Endpoint: https://celestiaorg.github.io/tokenmetry/index.json

The JSON includes comprehensive metadata, usage instructions, and detailed token analysis for all configured repositories.

📊 What's Analyzed

The system analyzes repositories configured in repos.txt.
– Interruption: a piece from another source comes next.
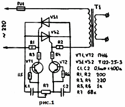 Но схема с двумя тиристорами имеет огромный недостаток, на который редко обращают внимание: импульсы на выходе всегда несимметричны. Они постепенно намагничивают железо, ухудшая его характеристики. На современном железе и элементной базе этот эффект заметно снижается, но полностью не исчезает.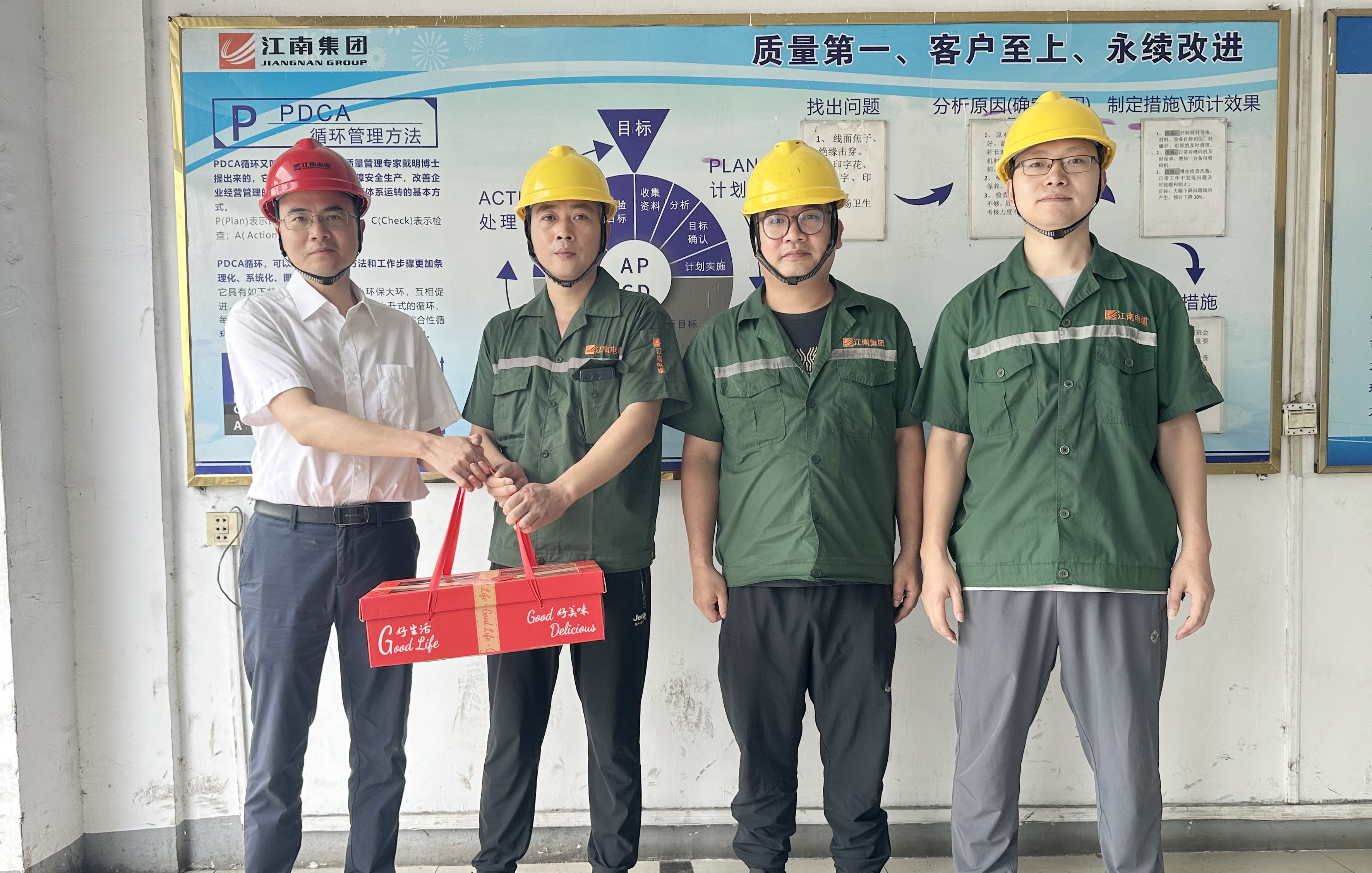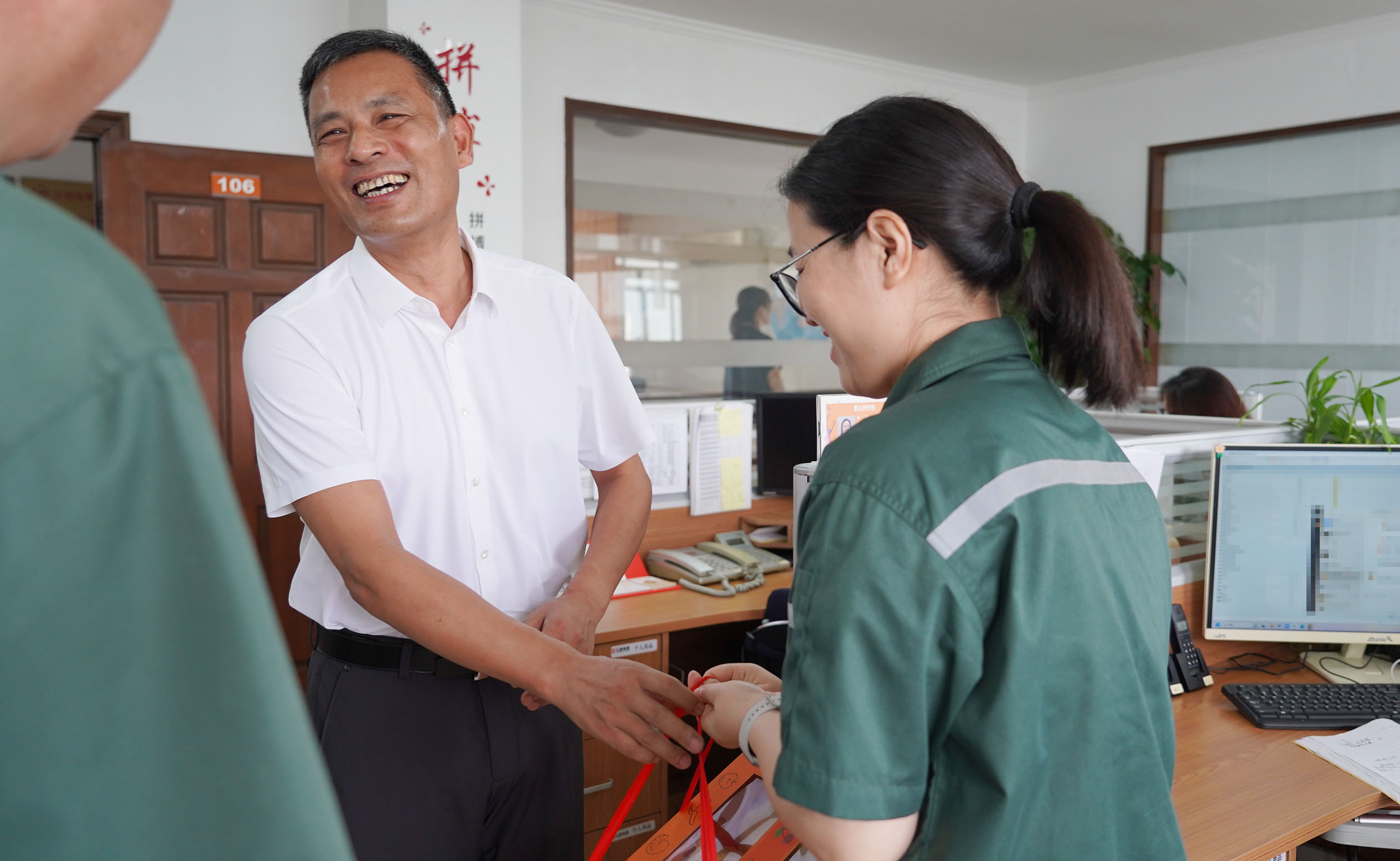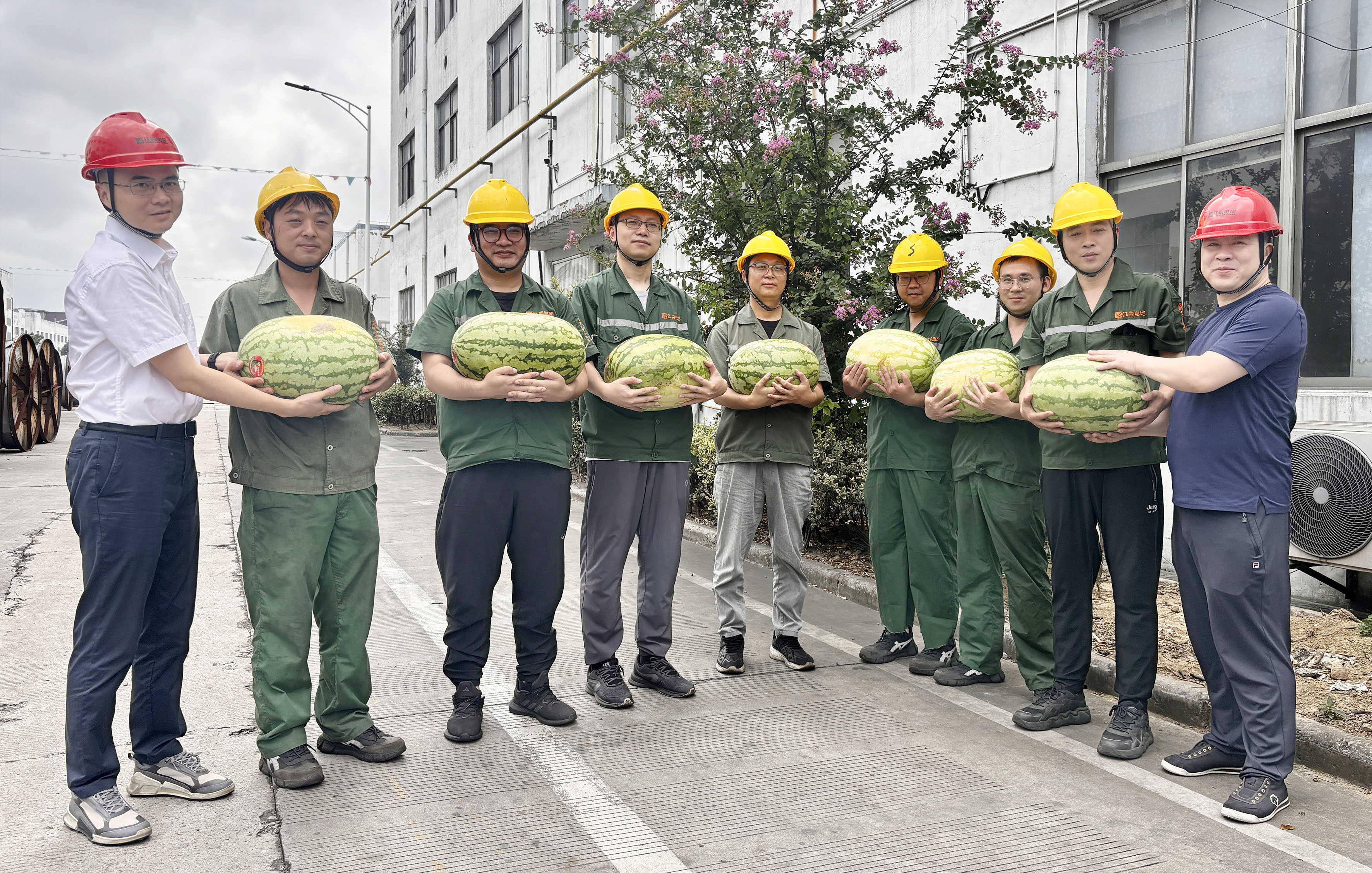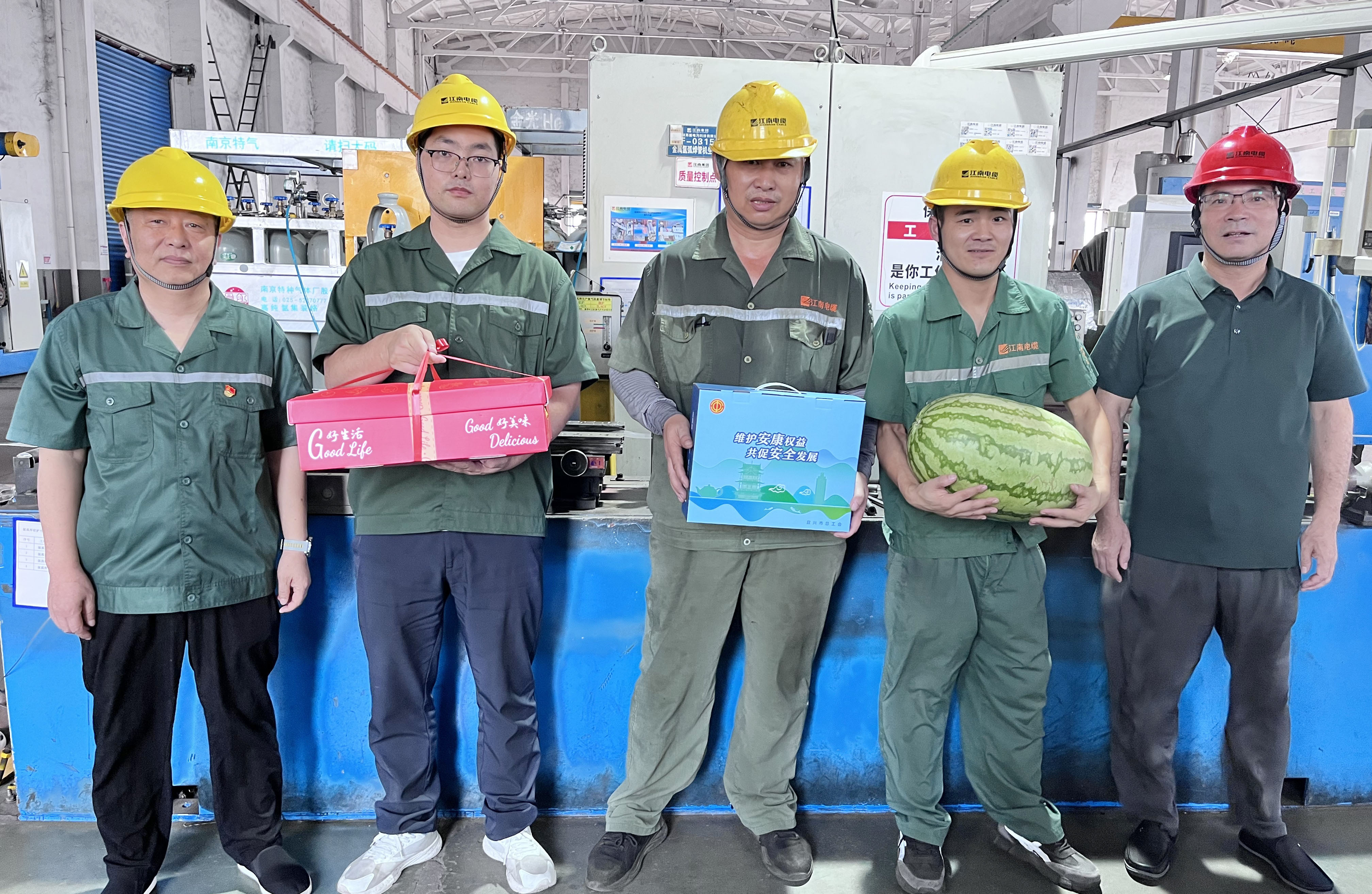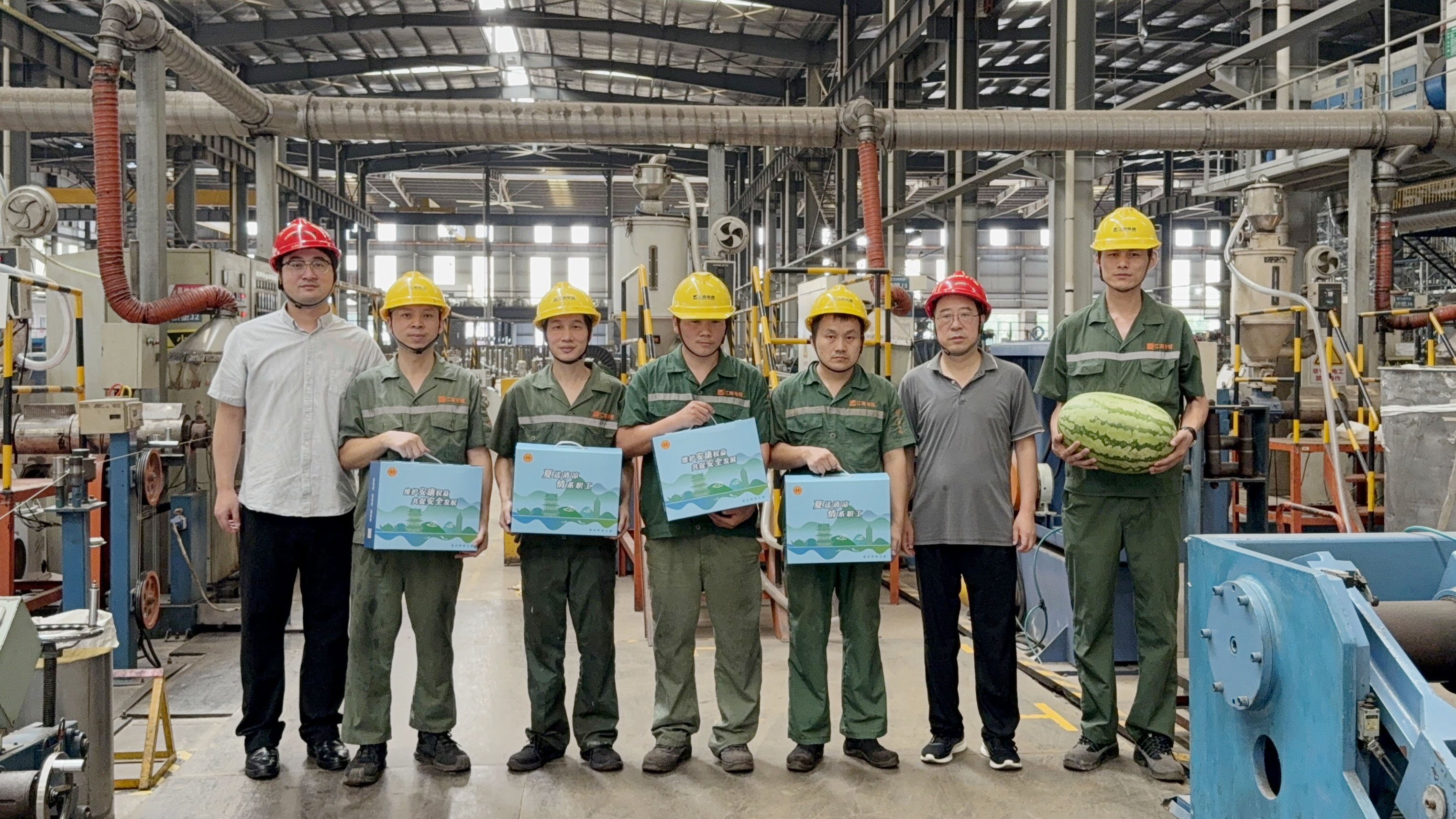 夏日炎炎,暑氣蒸騰。為切實做好高溫時節(jié)安全生產和員工關愛工作,近日,公司董事長儲輝、運營總經理蔣君西帶領領導班子成員深入車間一線與后勤部門,開展“情系員工 夏送清涼”慰問活動,為不畏酷暑、堅守崗位、辛勤奉獻的員工送上關懷與問候。

Current analysis results: git

Repository	Total Files	Total Tokens	Go Files	Go Tokens	Markdown Files	Markdown Tokens	Rust Files	Rust Tokens	Solidity Files	Solidity Tokens
celestia-core	1183	3,237,727	712	2,529,860	471	707,867	0	0	0	0
celestia-app	451	1,012,483	367	731,017	84	281,466	0	0	0	0
celestia-node	483	752,147	462	708,167	21	43,980	0	0	0	0
rsmt2d	14	40,074	13	38,942	1	1,132	0	0	0	0
optimism	3161	8,403,518	2596	6,570,577	106	144,136	0	0	459	1,688,805
nitro	742	2,110,710	581	1,598,154	13	7,132	148	505,424	0	0
nitro-contracts	169	397,834	0	0	2	2,125	0	0	167	395,709
nitro-das-celestia	39	627,586	17	599,290	2	3,864	0	0	20	24,432
docs	87	220,354	1	2,297	86	218,057	0	0	0	0
eq-service	24	51,596	0	0	7	10,237	17	41,359	0	0
CIPs	54	129,101	0	0	54	129,101	0	0	0	0
pda-proxy	18	45,003	0	0	3	5,860	15	39,143	0	0
hana	29	25,388	0	0	7	315	22	25,073	0	0
localestia	12	26,735	0	0	2	1,605	10	25,130	0	0
rollkit	328	825,569	221	593,746	92	156,590	15	75,233	0	0
zksync-era	2383	7,029,109	0	0	281	704,248	2025	6,228,643	77	96,218
dojo	213	741,717	0	0	14	7,312	199	734,405	0	0
weave	127	351,554	123	350,094	4	1,460	0	0	0	0
TOTAL	9517	26,028,205	5093	13,722,144	1250	2,426,487	2451	7,674,410	723	2,205,164

Last Updated: 2025-08-16 06:01:49 UTC

File Types: .go (Go source code) and .md (Markdown documentation)

🔧 Components

Core Files

tokenizer.py - Main Python script for token analysis
repos.txt - Configuration file listing repositories to analyze
.github/workflows/tokenizer.yml - GitHub Actions workflow for automation
pyproject.toml - Poetry dependency management

Key Features

GPT-2 Tokenizer - Consistent token counting across all content
Repository Cloning - Shallow clones for efficient analysis
File-level Analysis - Detailed breakdown of individual files
AI-Optimized Output - Metadata and usage instructions for AI agents
Automated Deployment - Daily updates and on-demand execution

🤖 AI Agent Usage

Quick Start

import requests

# Fetch token telemetry data
response = requests.get('https://celestiaorg.github.io/tokenmetry/index.json')
data = response.json()

# Get overall statistics
total_tokens = data['summary']['total_tokens']
total_repos = data['summary']['total_repositories']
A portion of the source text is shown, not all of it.